Instructor: Kristin Henningsen, MS, RH(AHG), RYT Instructor Bio
Credit Hours: 2
Note: it is not necessary to take STOCKSCH 281 before you take STOCKSCH 282
This class introduces students to the depth and diversity of Herbalism, comparing different types of herbal practice, including phytotherapy, clinical herbalism, community herbalism, aromatherapy, flower essence/plant-spirit medicine, and homeopathy.
- To understand the different practices of community herbalism and clinical herbalism
- To compare the science and spirit of energetics in herbalism
- To differentiate between the role of flower essences, homeopathy, and plant spirit medicine in herbalism
- To describe the benefits and contraindications of aromatherapy in health care
- To identify key phytochemicals and their effects on the body
- To evaluate appropriate phytotherapeutics for specific conditions
Maier, K. (2021). Energetic Herbalism. Chelsea Green Publishing: White River Junction, VT.

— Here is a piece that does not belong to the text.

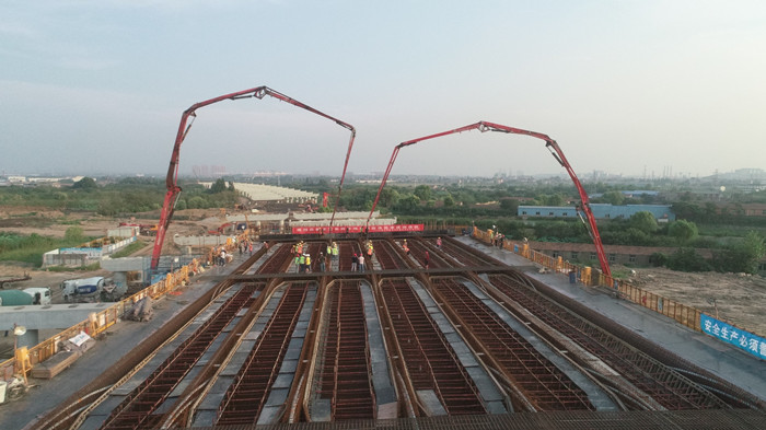 武漢東四環(huán)線項(xiàng)目首聯(lián)現(xiàn)澆箱梁混凝土澆筑在“百日大會(huì)戰(zhàn)”期間順利完成,履行了“百日大會(huì)戰(zhàn)”勞動(dòng)競(jìng)賽進(jìn)度節(jié)點(diǎn)計(jì)劃的承諾,為東四環(huán)項(xiàng)目的大干快上打下一針強(qiáng)心劑。

Keville, K and M. Green. (2008). The Complete Guide to Aromatherapy. Crossing Press.
Announcements will be posted for each unit, providing specific details on the readings and expectations for the week.
- Attendance and in-class participation 50% – Students are expected to log into class on a regular basis and participate in the online discussion board. Each week students will participate in the online discussion forum, which will cover a topic unique to that Unit. Initial responses are due by midnight on the Thursday of that unit and should be between 100-150 words. To receive full Discussion credit for the week, students are also required to comment on at least one peer’s post by Sunday at midnight, with a 50-75-word response.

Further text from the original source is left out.